= Oscar Álvarez (politician) =

Honduran politician

Oscar Alvarez is a former Honduran politician who served as Secretary of Public Security for the Government of Honduras from 2002 to 2005, as well as serving from 2010 to 2011 under a different administration. He has also been elected to the National Congress of Honduras multiple times, where he held the distinction of named Congressional Party Leader by his peers for the duration of the 2014 term.

==Minister of Public Security==
Álvarez is in charge of all internal security for Honduras. In his first term he played a key role in helping to implement Homeland Security’s CSI (Container Security Initiative), which gave Hondurans the ability to ship containers to any port in the United States without major security restrictions.

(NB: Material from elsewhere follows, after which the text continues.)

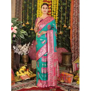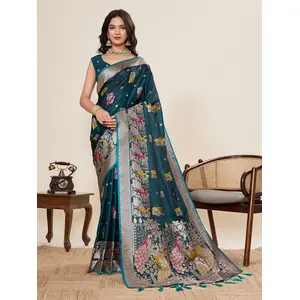 Teal Color Two Tone Satin Silk Saree...

Álvarez also worked closely with several United States agencies in the fight against organized crime, narcotics trafficking, terrorism, human smuggling, and gangs. Such agencies include but are not limited to: Drug Enforcement Administration (DEA), Federal Bureau of Investigation (FBI), Customs and Border Protection (CBP), Immigration and Customs Enforcement (ICE), and the Central Intelligence Agency (CIA). His attempts to make Honduras safer led to a tough crackdown on gangs that saw many gang members put in jail.

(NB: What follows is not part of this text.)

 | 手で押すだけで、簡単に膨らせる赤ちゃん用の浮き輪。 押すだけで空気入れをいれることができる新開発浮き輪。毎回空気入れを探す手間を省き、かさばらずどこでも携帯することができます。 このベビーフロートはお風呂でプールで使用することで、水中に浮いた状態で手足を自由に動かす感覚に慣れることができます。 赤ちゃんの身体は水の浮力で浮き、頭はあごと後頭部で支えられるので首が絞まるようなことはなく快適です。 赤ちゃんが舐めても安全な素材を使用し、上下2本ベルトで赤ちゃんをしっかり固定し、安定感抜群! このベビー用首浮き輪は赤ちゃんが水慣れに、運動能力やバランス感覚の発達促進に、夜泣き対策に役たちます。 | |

Álvarez was also a key element in the establishment of the Honduran Border Patrol Units, in close cooperation with Homeland Security’s Border Tactical Units (BORTAC). Up to today, it is considered among the most successful exercises involving international cooperation in law enforcement between the United States of America and Honduras. On September 10, 2011 unexplained events led to the forced resignation of Alvarez and his closest staff. According to CSmonitor.com: “The departure of the Honduran Security Minister Oscar Alvarez, the leading crusader against police corruption in Honduras, is a victory for crooked cops.

With the departure of Honduran Security Minister Oscar Alvarez, an outspoken foe of police corruption, the country is facing an uphill battle as it grapples with attempts to reform its notorious police force.

In a surprise move, the administration of President Porfirio Lobo announced late Saturday night that it had accepted Mr. Alvarez's resignation. Up until now, he had been seen as one of the president’s closest and most influential advisers. While officials are claiming that the resignation was voluntary, Alvarez was joined by Foreign Minister Mario Canahuati as well as several other ministers and deputy ministers, suggesting they were dismissed as part of a major shake-up.”

==Past accomplishments==
Alvarez has held numerous presidential appointments in Honduras, including deputy chief of staff and director of the Office of Coordination and Analysis, which reports directly to the president of Honduras. Alvarez is founder and president of ATESA Seguridad, one of the largest security companies in Honduras. ATESA Seguridad provides turn key service to many major banks and industries. Services include risk analysis, due diligence, design and implementation of electronic and physical security, training and maintenance of the equipment. Also, Atesa Seguridad has done specialized work for global security companies such as Control Risk, Kroll and foreign intelligence services.

Alvarez attended several US military schools, including Ranger, Special Forces and the Corps of Cadets at Texas A&M University, where he had the distinction of being the first cadet to receive commission in a foreign army. During Alvarez's career he has been awarded several medals and recognitions, including the Honduran Army Combat Medal, Commendation Medal, US Special Forces School Achievement Medal and Special Recognition from the US State Department, FBI and DEA. Mr. Alvarez has a BA in political science from Texas A&M University and has attended the School of Advanced International Studies (SAIS) taking courses on International Relations and Security Studies.

==Family==
Alvarez is married and has four children.